See the end for a summarizing table.
1 Classification of static data structures Link to heading
We assume that we are given
- a function \(f: K \to \V\)
- from a set of \(n\) $k$-bit keys \(K\subseteq \K = [2^{k}]\)
- with the assumption that \(|K| \ll |\K|\) (say, \(|K| \leq 0.01 |\K|\))
- to $v$-bit values \(f(K) = V \subseteq \V=[2^{v}]\).
Given \(x\in \K\) and \(y\in \V\), we consider a few operations one can do in such a setting (Walzer 2020):
- \(\c{member}(x)\): returns whether \(x\in K\).
- \(\c{lookup}(x)\): returns \(f(x)\) when \(x\in K\) and \(\bot\) otherwise.
- \(\c{eval}(x)\): returns \(f(x)\) when \(x\in K\) and an arbitrary value in \(\mathbb V\) otherwise.
- \(\c{update}(x, y)\): updates \(f(x) \gets v\).
There are different classes of data structures that support different subsets of these operations:
| problem | eval | member | lookup | update | note |
|---|---|---|---|---|---|
| minimal perfect hashing | x | \(f\) is some bijection from \(K\) to \([n]\) | |||
| order-preserving (monotone) MPHF | x | \(f(x) = \vert\{x’\in K \mid x’ < x\}\vert\) | |||
| static retrieval | x | ||||
| updatable retrieval | x | x | |||
| static set | x | ||||
| static ordered set | x | Also supports returning the smallest key \(\geq x\) | |||
| static dictionary | x | x | |||
| updatable dictionary | x | x | x | ||
| dynamic dictionary | x | x | x | Also supports inserting/removing keys |
Not listed in this table are rank and select, because their input is a typically a bit-array instead.
Terminology:
- retrieval: supports \(\c{eval}\) and possibly \(\c{update}\)
- static function: somewhat an alias for retrieval
- dictionary: supports \(\c{lookup}\)
- static: static keys and values
- updatable: static keys but updatable values
- dynamic: updatable keys and values
- non-keys: values \(x’ \in K’ = \K - K\).
2 Space lower bounds and practical approaches Link to heading
In the following, we summarize each problem, list space lower bounds, and give some examples of data structures that can be used.
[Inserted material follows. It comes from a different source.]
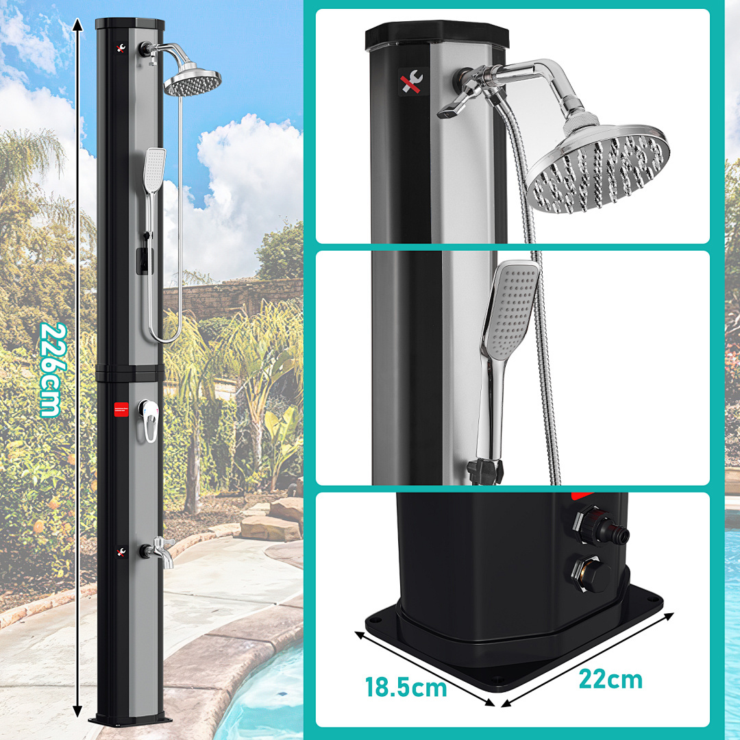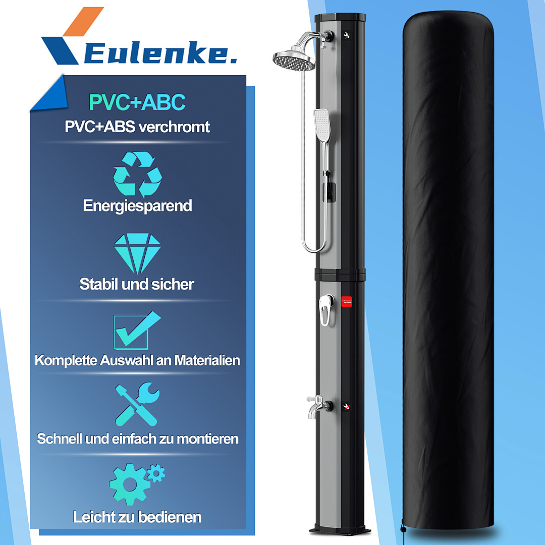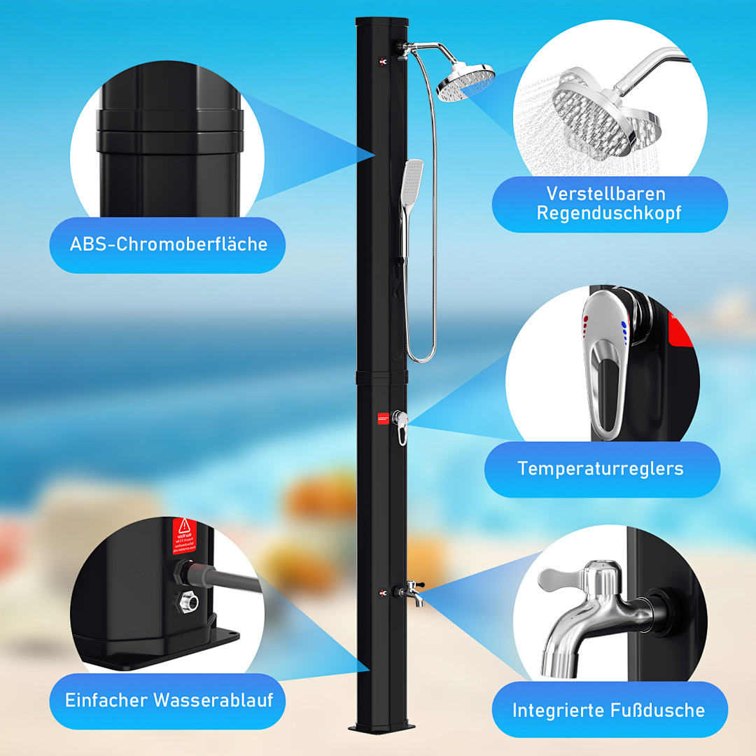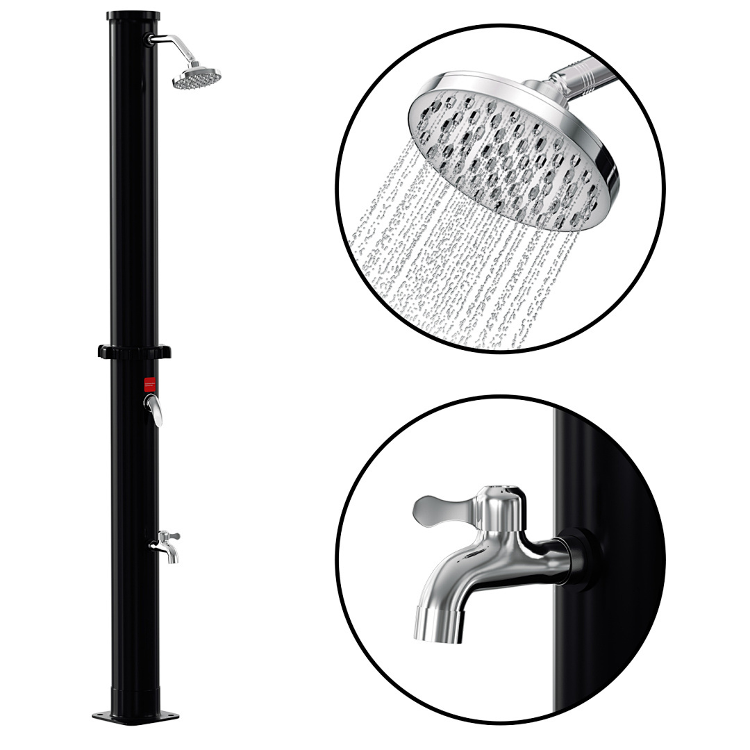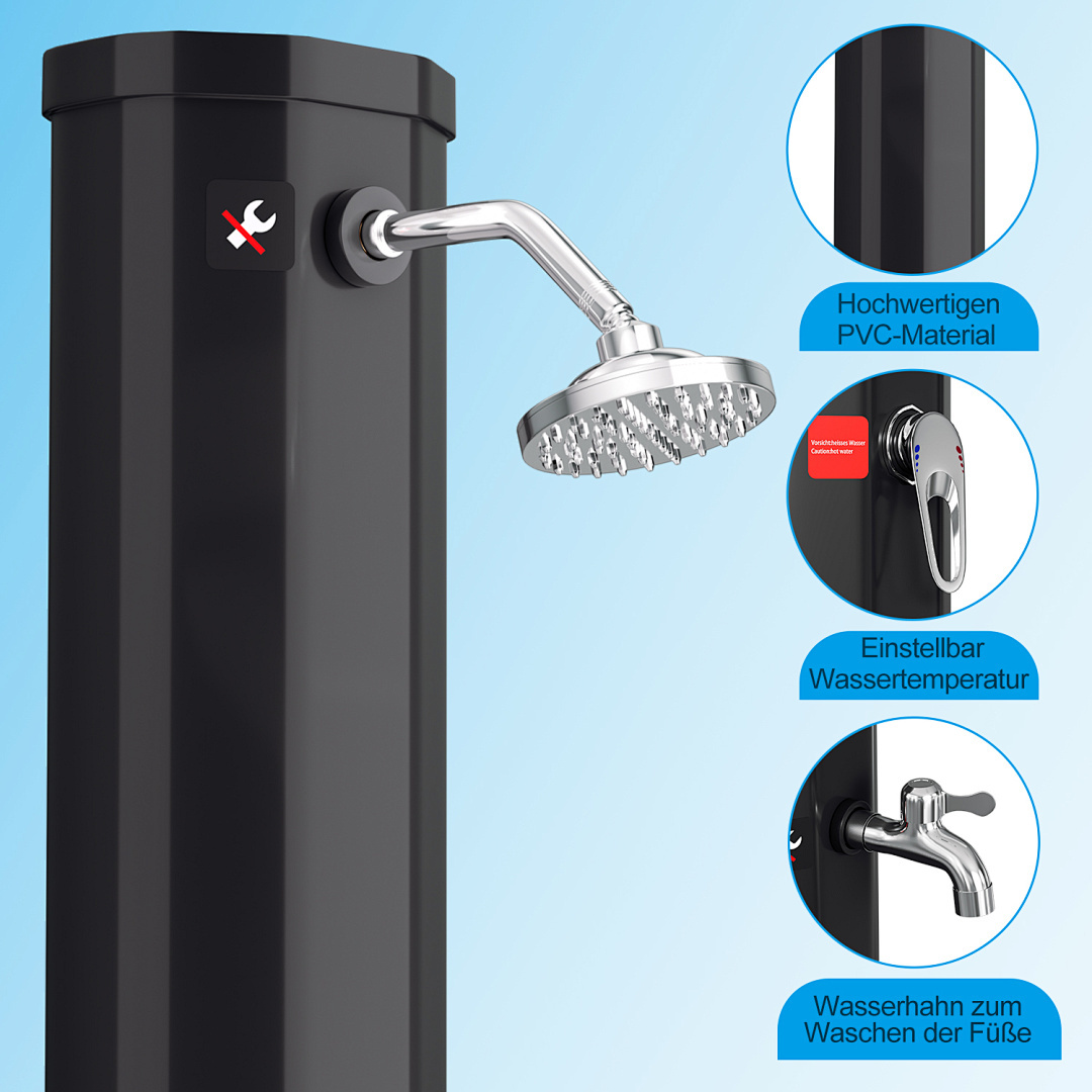 Diese Reihe von Solar-Gartenduschen bietet eine große Auswahl an Fassungsvermögen von 20 Litern bis 60 Litern, um verschiedenen Nutzern gerecht zu werden. Ob für den Einzelgebrauch in einem kleinen Garten oder für einen großen Garten, der von mehreren Personen genutzt wird, diese Duschen liefern reichlich warmes Wasser. Die aus hochwertigem Kunststoff und Chrom gefertigten Brausen bieten ein modernes und langlebiges Design und sind mit einem großen, um 360° verstellbaren Duschkopf ausgestattet, der ein komfortables Duscherlebnis garantiert. Dank des Standard-Gartenschlauchanschlusses und der einfachen Installation ist sie leicht zu bedienen. Die Erwärmung des Wassertanks durch Solarenergie ist sowohl umweltfreundlich als auch energieeffizient und macht sie zur idealen Lösung für das Duschen im Freien.

Space usage ignores lower-order terms, and we do not consider construction time. For reference, \(\log e =1.44\).
2.1 Rank Link to heading
Given an $n$-bit array of \(0\) and \(1\), answer queries: how many $1$s are there before position \(x\)?
- Space usage: usually between \(1.01n\) and \(1.2n\) bits.
- Implementations:
- Rank9 (Vigna 2008, 2024)
- sdsl (Gog et al. 2014)
- pasta (Kurpicz 2022)
- poppy-cs (Zhou, Andersen, and Kaminsky 2013)
- qwt/RSWide/RSNarrow (Matteo Ceregini 2023)
- paired blocks (Gottlieb and Reinert 2025)
- btree (Pibiri and Kanda 2021)
- quadrank (wip, post)
2.2 Rank + Select Link to heading
Given an $n$-bit array of \(0\) and \(1\), answer queries: what is the position of the $i$th \(1\)?
- Space usage: usually between \(1.01n\) and \(1.2n\) bits.
- Implementations:
- simple (Vigna 2008, 2024)
- sdsl (Gog et al. 2014)
- pasta (Kurpicz 2022)
- poppy-cs (Zhou, Andersen, and Kaminsky 2013)
- paired blocks (Gottlieb and Reinert 2025)
- 3* (Kurpicz, Rigi-Luperti, and Sanders 2025)
- btree (Pibiri and Kanda 2021)
2.3 Minimal perfect hash function (MPHF) Link to heading
An MPHF bijectively maps the \(n\) keys of \(K\) to \([n]\). It is undefined for non-keys.
MPHF’s form a building block for other static data structures listed below.
- Space lower bound: \(\log e = 1.44\) bits/key
- Examples:
- PTHash (Pibiri and Trani 2021), Phobic (Hermann et al. 2024), PtrHash (Groot Koerkamp 2025), Phast (Beling and Sanders 2025): \(2\) to \(3\) bits/key, \(O(1)\) queries mostly via 1 cache miss
- Consensus (Lehmann, Sanders, et al. 2025): as small as \(1.45\) bits/key and query time \(\log 1/\varepsilon\) or \(\log n\) depending on the exact method.
- survey: Lehmann, Mueller, et al. (2025)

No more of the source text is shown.